• _Exercise requirements_: In the records below, find the line that contains "Einbauküche, komplett ausgestattet" and the line that contains "Після цього, у". Set down exactly those lines and every line between them, and nothing more.

• _Data for this exercise_:
════════════════════
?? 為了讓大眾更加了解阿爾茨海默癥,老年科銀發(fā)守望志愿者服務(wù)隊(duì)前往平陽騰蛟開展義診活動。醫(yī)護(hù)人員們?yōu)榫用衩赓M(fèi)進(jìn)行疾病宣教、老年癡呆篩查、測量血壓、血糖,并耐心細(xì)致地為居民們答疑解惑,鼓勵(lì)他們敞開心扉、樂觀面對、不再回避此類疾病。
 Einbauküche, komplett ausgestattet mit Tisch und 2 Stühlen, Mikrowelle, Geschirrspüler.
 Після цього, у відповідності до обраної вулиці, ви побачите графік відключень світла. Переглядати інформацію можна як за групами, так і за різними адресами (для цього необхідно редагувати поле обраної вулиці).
════════════════════
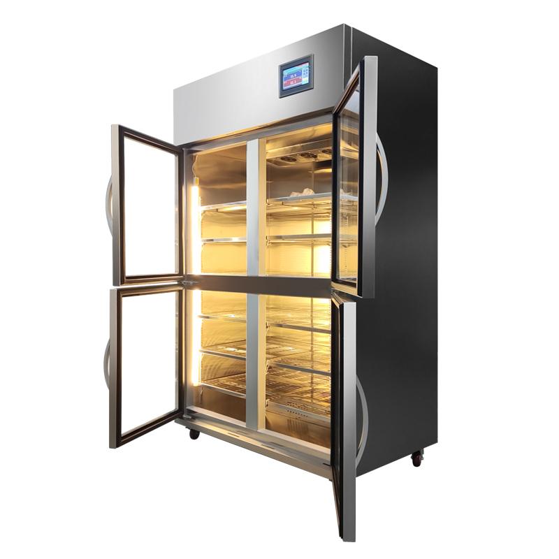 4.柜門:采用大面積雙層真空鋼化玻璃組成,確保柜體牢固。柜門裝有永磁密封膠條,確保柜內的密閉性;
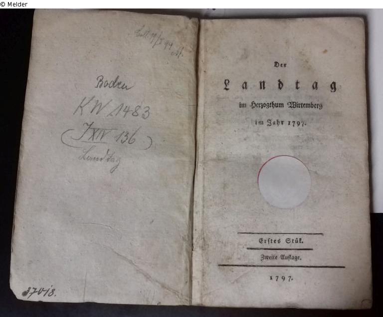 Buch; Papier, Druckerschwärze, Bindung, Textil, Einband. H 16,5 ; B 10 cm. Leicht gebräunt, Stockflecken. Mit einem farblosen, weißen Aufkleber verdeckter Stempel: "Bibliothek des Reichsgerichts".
════════════════════
• _Result of the exercise_:
 Einbauküche, komplett ausgestattet mit Tisch und 2 Stühlen, Mikrowelle, Geschirrspüler.
 Після цього, у відповідності до обраної вулиці, ви побачите графік відключень світла. Переглядати інформацію можна як за групами, так і за різними адресами (для цього необхідно редагувати поле обраної вулиці).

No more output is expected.